The Scramble for Equestria (A Pre-EAW Story)
Interlude in Equestria: An Expected Encounter
Previous ChapterI'm going to assume that the Southern deserts of Equestria have not yet been colonised.
I'm making this assumption based on the wiki's timeline that implies mass-scale colonisation, therefore, settle-mentation had only occurred in 1001ALB, where the Appleloosans and the Buffalo Chiefdom would clash over a land dispute.
But this doesn't mean that they would be completely devoid of Equestrian equines, however, it would mean that the sparse few that escaped from the 'wider society' would be isolated, both geographically and politically.
A Lost Cretan Fisherman
It was most peculiar...
Markos scrutinised the familiar desert coasts directly ahead of him.

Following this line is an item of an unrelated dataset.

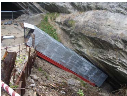
Tunnel portal section prior to filling over

Once this "outer" portal section of the tunnel was in place it was surrounded in concrete and then imported dolerite stone was placed over the tunnel and filled against the face of the exposed work face to provide stability and protection.

He would occasionally encounter such terrain when he strayed too far, or a spontaneous current carried his inherited, generational fishing sloop south, tracing the ancient routes his late ancestors would trek to raid the rich, industrious port cities of Libya and Egypt, girt by golden sands and spots of luscious greens.
What currently perturbed him was the lack of such landmarks anywhere on the endless yellow shores.
The ancient cities that he was so accustomed to seeing, even from the start of childhood, sailing with his four brothers and distant father when the waters near Crete proved unbountiful, were absent on the landscape that stretched from one head turn to the other; one, nevertheless, that seemed uncannily familiar.
Perhaps this was what had compelled him to sail directly towards it. Though, he would have been remiss to not remind himself that the entirety of Europe had been displaced, and the vast desert before him, reminding him of North Africa had not come with them. So what was it?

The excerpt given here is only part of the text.